Birthdays are all about celebrating the birth of those we love and respect. That is why we take the time out to invite friends over, plan parties, bake birthday cakes, and sing loudly to the guest of honor.
It is certainly no different with a military birthday. We celebrate each branch and it’s birthday because we are proud of our military members and what they represent.

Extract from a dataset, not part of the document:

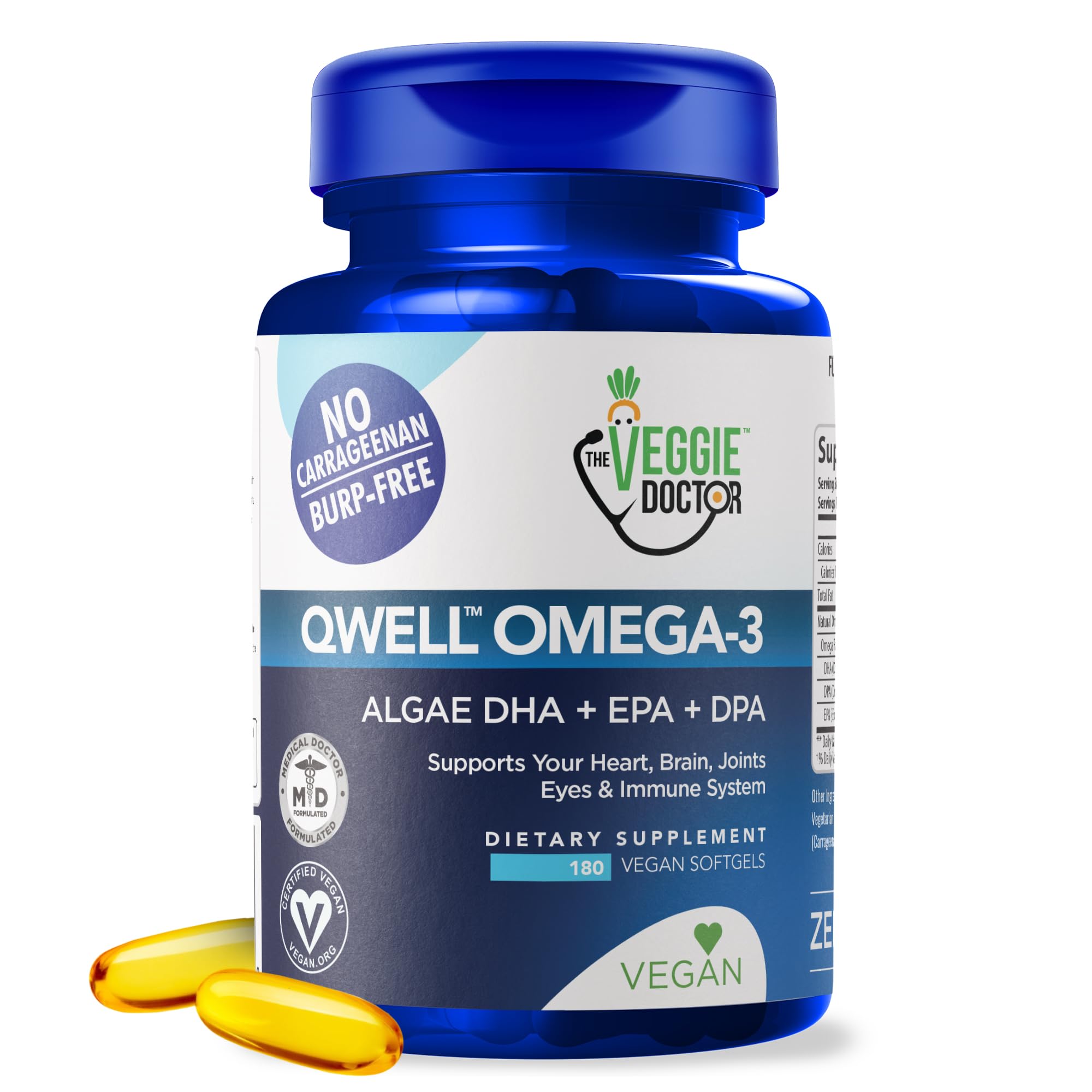 DOCTOR-FORMULATED TRUSTED: Formulated by health professionals, QWELL's vegan omega-3 capsules are designed to support cognitive, joint, eye, immune, and heart health as part of your daily wellness routine. This pure, plant-based formula offers a reliable, fish-free option for those committed to sustainable, high-quality nutrition. CLEAN, SUSTAINABLE VEGAN OMEGA FORMULA: Say goodbye to fishy aftertastes with this algae oil omega-3 supplement. Our vegan DHA and EPA formula is designed to support brain performance, joint comfort, and heart function. It's ideal for those seeking a vegetarian or algae-based omega-3 option, made without fillers or carrageenan for maximum purity and performance. . ALGAL OIL SUPPLEMENT – FISH-FREE: QWELL's algae-based omega-3 oil is farm-raised, non-GMO, carrageenan-free, and burp-free. This vegan supplement offers ocean-safe nutrition without the concerns of marine pollutants. Get your essential fatty acids from the original source—algae. Perfect for anyone looking for clean, plant-powered omega-3s like vegan DHA and EPA. . HIGH-POTENCY DHA, EPA DPA BLEND: Each vegan omega capsule delivers a concentrated dose of DHA, EPA, and DPA derived from algae. DPA works synergistically with EPA to help optimize omega-3 absorption and support your body's natural balance. A powerful daily formula designed for whole-body wellness and plant-based immune system support. . VEGAN OMEGA-3 FROM ALGAE: Our vegan omega-3 supplement is made from pure, sustainably sourced algae oil—no fish, no contaminants. It's packed with DHA, EPA, and DPA to help support brain function, heart health, joint mobility, and eye wellness. A clean, plant-based alternative to fish oil, ideal for those seeking maximum bioavailability from a vegan source.
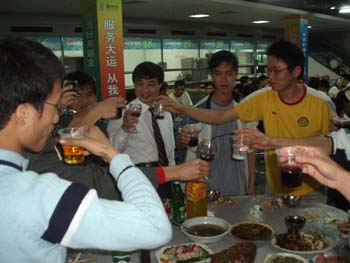 在洋溢着浓浓春意的气氛中,各位领导举杯向同学们祝酒,师生频频举杯。食堂内笑语如潮,餐桌旁欢声不断。融洽、祥和、热烈的气氛让每一位远离家乡的学子们深切感受到家一般的温暖,体味到辞旧迎新之际的温馨和幸福。

Below is a quick guide to each of our military branches birthday and a brief history of its birth.
June 14, 1775
The U.S. Army was founded on 14 June 1775, when the Continental Congress authorized enlistment of riflemen to serve the United Colonies,” for one year.
November 10, 1775
The Marine Corps was founded to serve as an infantry unit aboard naval vessels and was responsible for the security of the ship and its crew by conducting offensive and defensive combat during boarding actions and defending the ship’s officers from mutiny
September 18, 1947
Known as the most recent branch of the U.S. military to be formed, the Air Force is also the largest and most technologically advanced air force in the world. Initially part of the United States Army, the USAF was formed as a separate branch of the military on 18 September 1947 under the National Security Act of 1947.
October 13, 1775
The United States Navy traces its origins to the Continental Navy, which the Continental Congress established on 13 October 1775. Since 1972 each CNO has encouraged a Navy-wide celebration of this occasion “to enhance a greater appreciation of our Navy heritage, and to provide a positive influence toward pride and professionalism in the naval service.”
December 13, 1636
The National Guard of the United States is a joint activity of the United States Department of Defense composed of reserve components of the United States Army and the United States Air Force: the Army National Guard of the United States for the Army and the Air National Guard of the United States for the Air Force. It is the oldest component of the Armed Forces of the United States.
August 4, 1790
The Coast Guard’s official history began on 4 August 1790 when President George Washington signed the Tariff Act that authorized the construction of ten vessels, referred to as “cutters,” to enforce federal tariff and trade laws and to prevent smuggling.